- **Description of the task**
Go to the line holding "Doque Kadın Kaşe" in the data below and repeat it exactly, then each line after it up to and including the one holding "男性向けラノベタイトル風あだ名 | 『ごだいら~年齢イコール彼女いない歴の魔法使い~』 |". Omit pictures.

- **Provided entries**
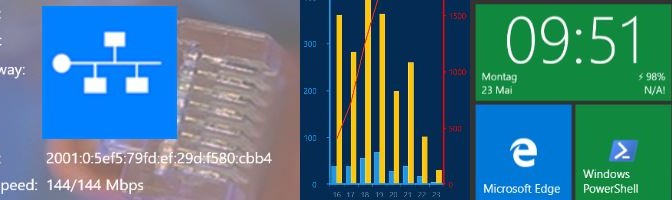 What’s IP zeigt Informationen über die Internet-Verbindung per Live Tile. Die App wird sich bei Netzwerk Administratoren und IT-Techniker im Alttag als nützlich erweisen, da die sonst üblichen Dienstprogramme oder Eingabebefehle nicht abgerufen werden müssen. Im Gegensatz zu anderen Monitoring-Tools die zur Auswahl stehen, ermittelt What’s IP die aktuelle Interne IPv4-Adresse des Computers, als auch die Externe IP im Internet und zeigt diese im Live Tile an, öffnet man die App werden weitere Details der momentanen Verbindung aufgezeigt, wie Gateway, DNS-Server, SSID, Max Speed, die IPv6 Adresse und weiteres mehr. Bei allfälligen Netzwerkverbindungsprobleme wird eine Warnung ausgegeben.
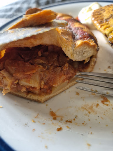 Read moreThe bacon and cheese turnover!!! The sausage bagette thing!!! The lamb pastie!!! And sausage roll!!! Is great when I've just walked yet another mile in freezing cold and rainy climate!!! Thanks for that!!! (Try and be more polite as the two mature women are very busy keeping it warmer!!!) (Only downside is lots of crumb bits can fall into coat if not watching it!!!) (No seating area for a real social gathering just stood outside shop or lucky to get on one of the high...
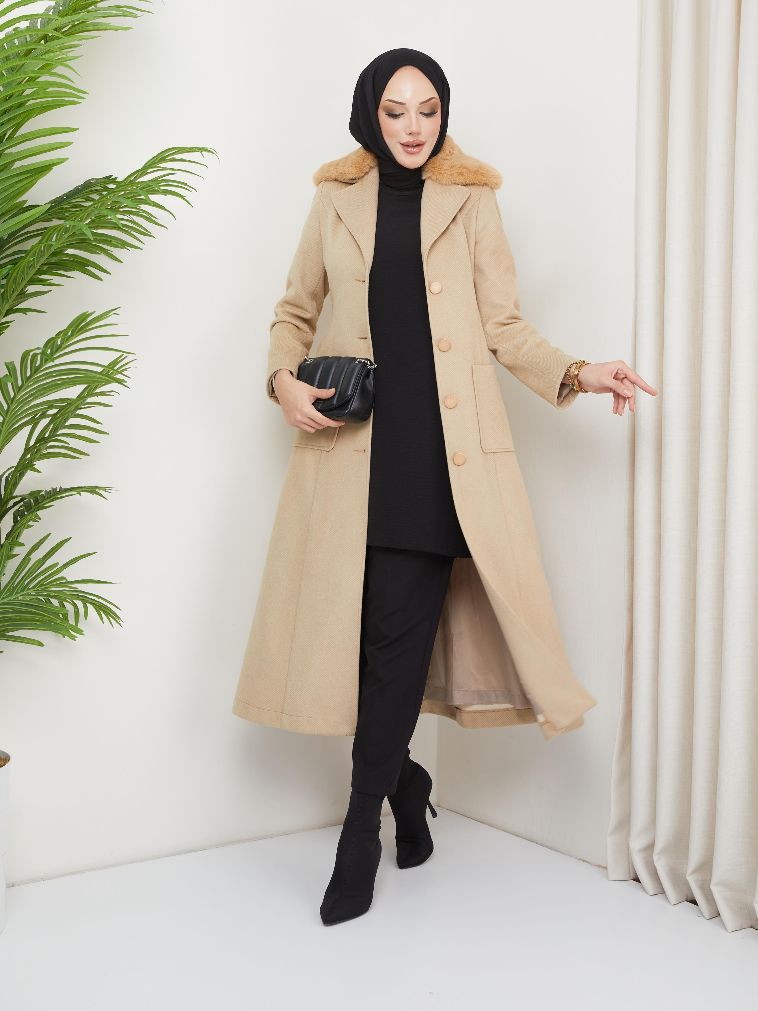 Doque Kadın Kaşe Kaban Yaka Kürklü Torbacep  57036
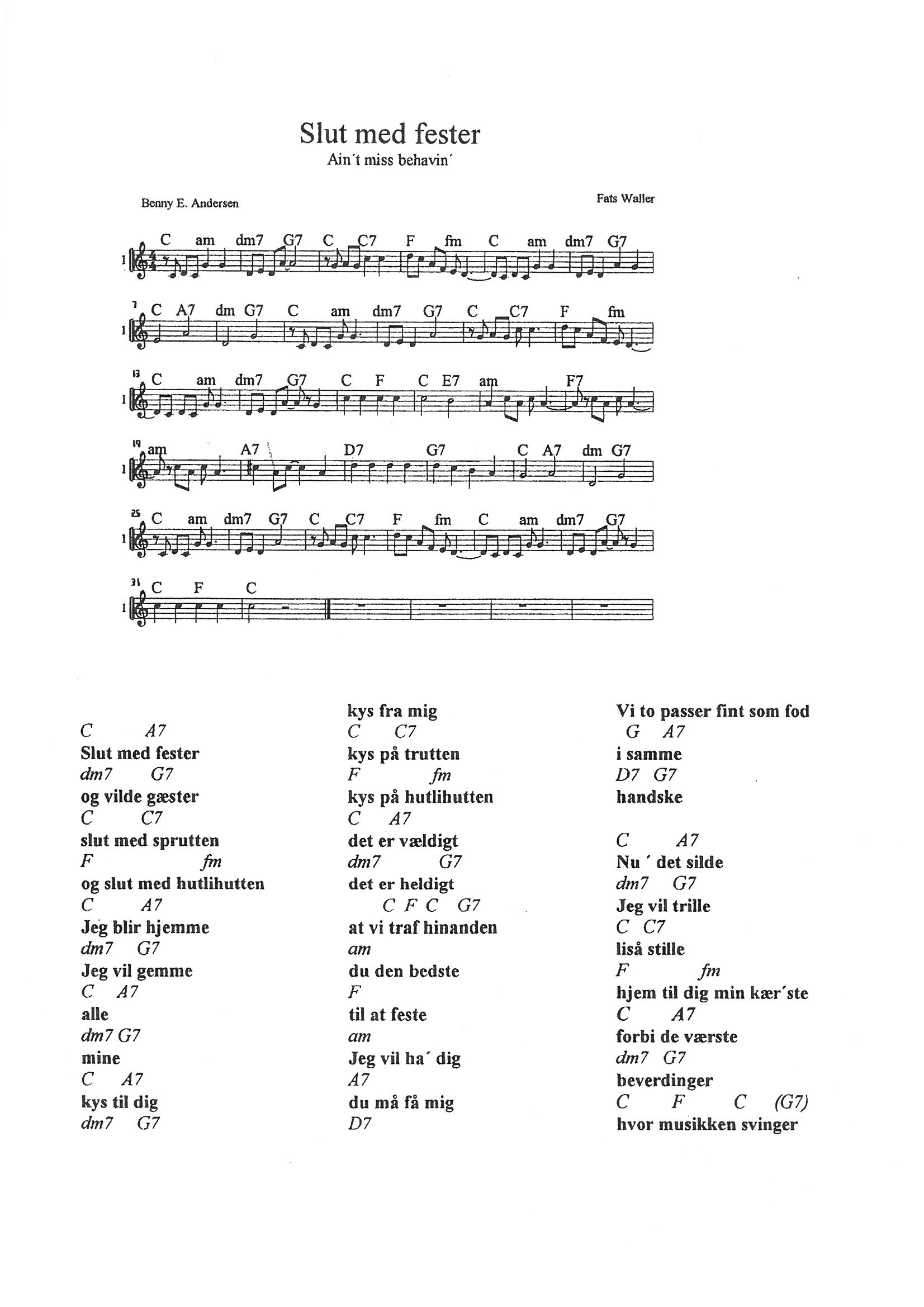 Benny skriver på CD´en: Til min kæreste Gerd og det er ikke tilfældigt, at den er først. sektion: Gårdsangerjazzpublikationer:Gårdsangerjazz (CD) Slut med fester Tekst og node til Slut med fester
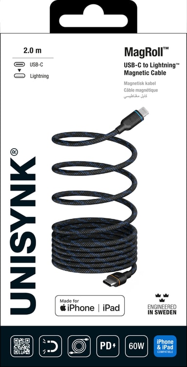 • Unisynk MagRoll Magnetic 60W USB-C- till Lightning-adapter (2m)
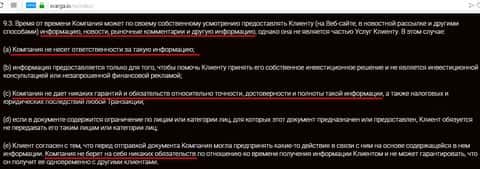 Жулье конторы Svarga придумало такой договор, при котором клиент станет бедным, как только подпишет его. Главным словом в данном документе является "ответственность", поэтому здесь дырок намного больше чем кажется. Начнем с того, что контора не несет ответственность за информацию, которую она предоставляет своим клиентам. То есть этот договор, условия торговли, правила и многое другое - все это чепуха и может быть еще изменена в любой момент. Стоит задуматься перед тем как вкладывать деньги в лохотрон Сварга.
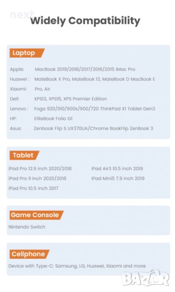Поддържа: бързо зареждане 100W PD (20V/5A)
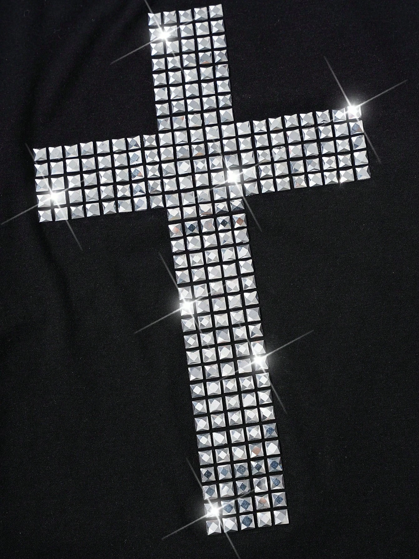 Street Life تي شيرت رجالي كاجوال بنمط صليبي بفضفاض وأكمام قصيرة
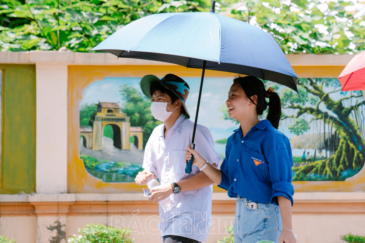 Điểm thi trường THPT Chuyên Biên Hòa sáng 29/5, 80 tình nguyện viên có mặt cùng với các lực lượng tổ chức thi vào lớp 10 THPT Chuyên Biên Hòa thực hiện nhiệm vụ tiếp sức mùa thi.Những áo xanh tình nguyện như tiếp thêm tinh thần, cổ vũ thí sinh lạc quan, tin tưởng, bước vào kỳ thi.Tình nguyện viên hỗ trợ che mưa cho các thí sinh thi vào lớp 10 Trường THCS&THPT Nguyễn Tất Thành phân hiệu Hà Nam. Những ngày thi tuyển sinh vào lớp 10 THPT không chuyên tỉnh Hà Nam, dưới cái nắng hè oi ả, những bóng áo xanh đã làm dịu mát bầu không khí ngày thi.Thí sinh được đón từ cổng trường và che nắng....bởi các tình nguyện viên.Nước uống được phát tận tay cho thí sinh trước khi vào phòng thi.Những nụ cười của các anh chị tình nguyện viên đã làm giảm áp lực của kỳ thi cho thí sinh.Sẵn sàng hỗ trợ người nhà thí sinh khi có nhu cầu...Thí sinh được chúc mừng, động viên, khích lệ tinh thần sau khi kết thúc bài thi...Không khí, tinh thần tiếp sức của đoàn viên thanh niên ở các điểm thi làm cho thí sinh cảm thấy tự tin, vui vẻ khi bước vào mỗi môn thi.
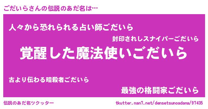 | 男性向けラノベタイトル風あだ名 | 『ごだいら~年齢イコール彼女いない歴の魔法使い~』 |
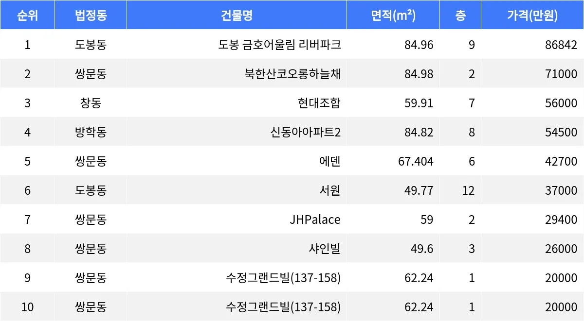 쌍문동 북한산코오롱하늘채 84.98㎡ 2층 매물이 7억1천만원에 거래됐다. 창동 현대조합 59.91㎡ 7층 매물은 5억6천만원에 매매가 이루어졌다.
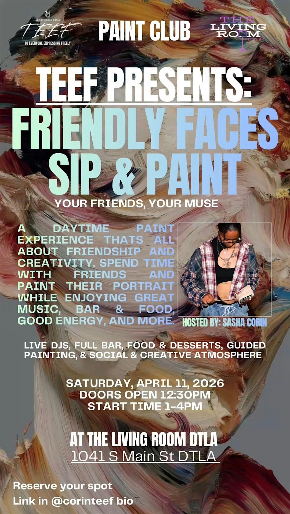 Along with the painting experience, guest will have access to a full bar, food, desserts, and specialty cocktails exclusive to The Living Room. By the end of the event, everyone will have the oppurtunity to share and gift their portraits to the people who inspired them. All guest will also have the chance to win a 1 of 1 Painting by TEEF through entering a raffle ticket for $20. Tickets will be available during the event.

- **Response to the exercise**
 Doque Kadın Kaşe Kaban Yaka Kürklü Torbacep  57036
 Benny skriver på CD´en: Til min kæreste Gerd og det er ikke tilfældigt, at den er først. sektion: Gårdsangerjazzpublikationer:Gårdsangerjazz (CD) Slut med fester Tekst og node til Slut med fester
 • Unisynk MagRoll Magnetic 60W USB-C- till Lightning-adapter (2m)
 Жулье конторы Svarga придумало такой договор, при котором клиент станет бедным, как только подпишет его. Главным словом в данном документе является "ответственность", поэтому здесь дырок намного больше чем кажется. Начнем с того, что контора не несет ответственность за информацию, которую она предоставляет своим клиентам. То есть этот договор, условия торговли, правила и многое другое - все это чепуха и может быть еще изменена в любой момент. Стоит задуматься перед тем как вкладывать деньги в лохотрон Сварга.
Поддържа: бързо зареждане 100W PD (20V/5A)
 Street Life تي شيرت رجالي كاجوال بنمط صليبي بفضفاض وأكمام قصيرة
 Điểm thi trường THPT Chuyên Biên Hòa sáng 29/5, 80 tình nguyện viên có mặt cùng với các lực lượng tổ chức thi vào lớp 10 THPT Chuyên Biên Hòa thực hiện nhiệm vụ tiếp sức mùa thi.Những áo xanh tình nguyện như tiếp thêm tinh thần, cổ vũ thí sinh lạc quan, tin tưởng, bước vào kỳ thi.Tình nguyện viên hỗ trợ che mưa cho các thí sinh thi vào lớp 10 Trường THCS&THPT Nguyễn Tất Thành phân hiệu Hà Nam. Những ngày thi tuyển sinh vào lớp 10 THPT không chuyên tỉnh Hà Nam, dưới cái nắng hè oi ả, những bóng áo xanh đã làm dịu mát bầu không khí ngày thi.Thí sinh được đón từ cổng trường và che nắng....bởi các tình nguyện viên.Nước uống được phát tận tay cho thí sinh trước khi vào phòng thi.Những nụ cười của các anh chị tình nguyện viên đã làm giảm áp lực của kỳ thi cho thí sinh.Sẵn sàng hỗ trợ người nhà thí sinh khi có nhu cầu...Thí sinh được chúc mừng, động viên, khích lệ tinh thần sau khi kết thúc bài thi...Không khí, tinh thần tiếp sức của đoàn viên thanh niên ở các điểm thi làm cho thí sinh cảm thấy tự tin, vui vẻ khi bước vào mỗi môn thi.
 | 男性向けラノベタイトル風あだ名 | 『ごだいら~年齢イコール彼女いない歴の魔法使い~』 |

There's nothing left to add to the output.